Tant le commissaire que le maire démocrate Marty Walsh ont néanmoins exprimé leur soulagement d’avoir évité le niveau de violence atteint à Charlottesville le week-end dernier, où un sympathisant néonazi a tué une jeune femme et blessé 19 personnes en fonçant en voiture dans la foule. «Personne n’a été blessé, personne n’a été tué (…), pas de dégâts substantiels, c’est une belle journée pour notre ville», a souligné M. Evans.

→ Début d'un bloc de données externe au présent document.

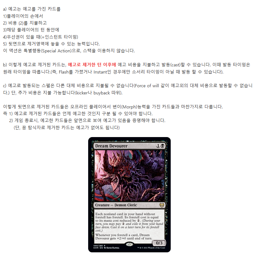 Foretell(예고) 능력은 자신의 턴 동안, {2}를 지불하고 예고가 있는 카드를 뒷면으로 하여 제거 영역에 두고,

Sur Twitter, Donald Trump a félicité les autorités: «Il y a l’air d’avoir beaucoup d’agitateurs anti-policier à Boston. La police a l’air dure et intelligente! Merci.»

 

Les autorités municipales avait fermé plusieurs artères de la ville afin d’empêcher une attaque à la voiture bélier similaire à celle qui a coûté la vie à une jeune femme de 32 ans samedi dernier à Charlottesville en Virginie. «Le discours ambiant a vraiment porté tout ça à un autre niveau et c’est ce qui nous inquiète», a remarqué vendredi le chef de la police de Boston, William Evans, à propos du débat sur l’extrême droite et les violences racistes qui anime les Etats-Unis depuis Charlottesville. «Je n’ai jamais vu autant de gens qui cherchent pratiquement la confrontation», a-t-il souligné en conférence de presse.

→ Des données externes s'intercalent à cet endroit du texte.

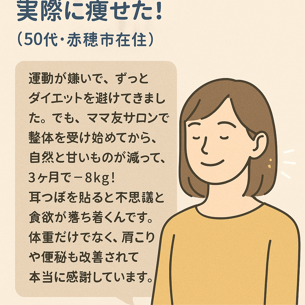 「運動が嫌いで、ずっとダイエットを避けてきました。でも、ママ友サロンで整体を受け始めてから、自然と甘いものが減って、3ヶ月で−8kg!耳つぼを貼ると不思議と食欲が落ち着くんです。体重だけでなく、肩こりや便秘も改善されて本当に感謝しています。」

Les autorités locales avait interdit les armes de toute nature, y compris les bâtons destinés à porter des pancartes, et les marchands ambulants de nourriture ne peuvent accéder au parc de Boston Common situé dans le centre de la ville.

 

Le maire de Boston, Marty Walsh, avait appelé vendredi les contre-manifestants à éviter le quartier de Boston Common, expliquant que leur présence serait de nature à provoquer les activistes de droite. Monica Cannon, l’une des organisatrices de la marche baptisée «Combattre la suprématie blanche», a rejeté l’appel de l’élu local. «Ignorer un problème n’a jamais aidé à le résoudre», a-t-elle déclaré dans un entretien téléphonique avec Reuters. «Nous ne pouvons pas continuer à ignorer le racisme, ignorer le suprémacisme blanc, ignorer les néo-nazis et prétendre que ce n’est pas un problème».

Les organisateurs de la manifestation «Liberté d’expression» ont, de leur côté, dénoncé la violence et les chants racistes entendus lors du rassemblement «Unifier la droite» de Charlottesville.